The idea that a slip and fall could lead to severe injuries surprises some people. After all, our culture tends to treat these kinds of incidents like a joke or a momentary inconvenience, not a real source of risk and injury.

However, slipping and falling can easily result in head injuries, broken bones or other severe injuries that could cost thousands in medical care and even prevent someone from working. Most of the time, a slip-and-fall incident will fall under the umbrella of premises liability claims, meaning that they relate to the risk a business or individual incurs when they allow others onto their property.

When can you bring a claim against someone for injuries you suffered in a slip and fall?

You have to show that negligence or default contributed to your injury

There are situations that truly constitute accidents, which means that no one has direct responsibility for the outcome. Those hurt in an accident where there isn’t obvious fault may not have grounds to bring a claim. However, many times, a slip and fall will result from negligence on the part of a property owner.

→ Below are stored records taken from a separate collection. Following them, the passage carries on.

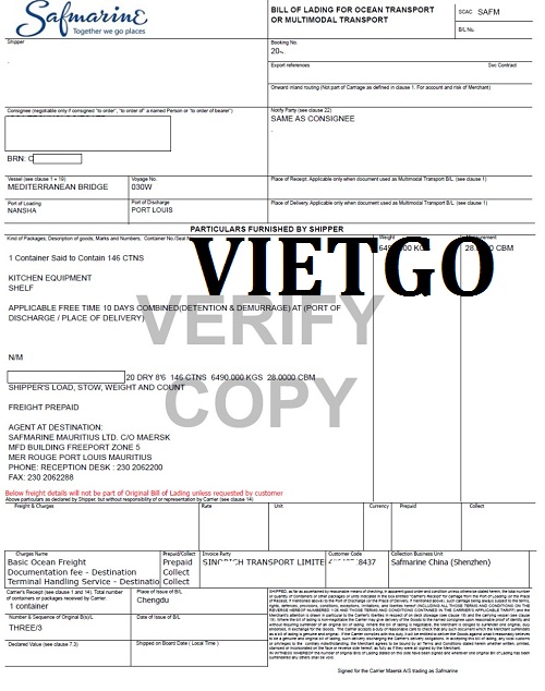 Để củng cố thêm lòng tin cho Quý vị, ông Ballgobin đã gửi đến Quý vị vận đơn BL (Bill of Lading) của chuyến hàng nhập khẩu mà Công ty ông đã nhập khẩu thành công tại cảng Nansha, thuộc tỉnh Quảng Đông,Trung Quốc.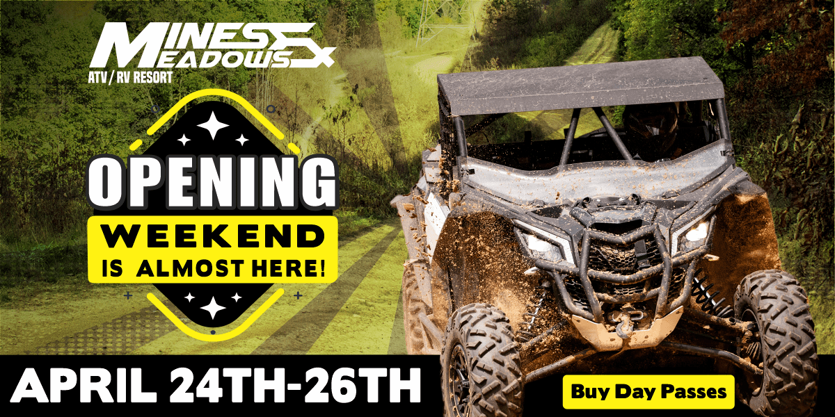 Our premier ATV, dirt bike, and side by side riding resort and campground, has the only underground riding in the Northeast! Mines & Meadows ATV/RV Resort in Wampum, PA offers ATV and dirt bike enthusiasts in Western Pennsylvania and Eastern Ohio a truly unique experience. With over 84 miles of recreational trails on 877 acres of land, we cover the full spectrum of riding skills from beginner through advanced. We have also added more than 8 miles of new single track (dirt bike only) trails that will test even the most experienced riders. While our trails do provide tremendous challenges, we work hard to keep them groomed (weather permitting). What really sets Mines & Meadows apart however is our underground riding through abandoned limestone mines! These mines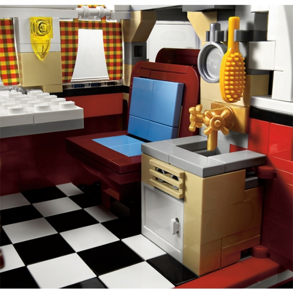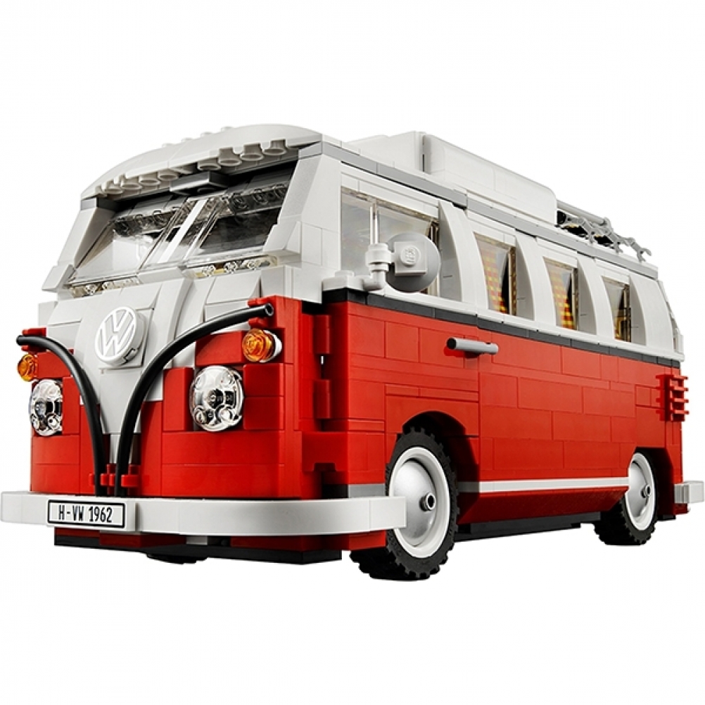 All'esterno, i fantastici dettagli includono la divisione dei colori a tre vie a forma di 'V' nella parte anteriore, tetto e infissi arrotondati, parabrezza safari 'splittie' apribile, porte apribili, tetto a scomparsa iconico con cornice per tende in tessuto, portapacchi, prese d'aria laterali posteriori e molto altro ancora! I dettagli sono ugualmente impressionanti all'interno, dall'autentico motore boxer a quattro cilindri piatto raffreddato ad aria VW, panca anteriore della cabina, leva del cambio, cruscotto angolato e iconico tachimetro sferico, a caratteristiche LEGO® personalizzate come sedile posteriore pieghevole e dinette pieghevole tavolo, armadio con specchio e persino un dipinto!

For example, they may know that a refrigeration unit leaks condensation onto the floor but have chosen not to repair or upgrade the system due to the expense. They may have minimized the staff members on shift, which means there’s no one there to mop the front entrance when people track in precipitation from outside or spill items somewhere within the facility.

If you can show that proper maintenance, cleaning or signage would likely have prevented you from getting hurt, you may have grounds to bring a slip-and-fall-related premises liability claim against the business where you suffered your injury.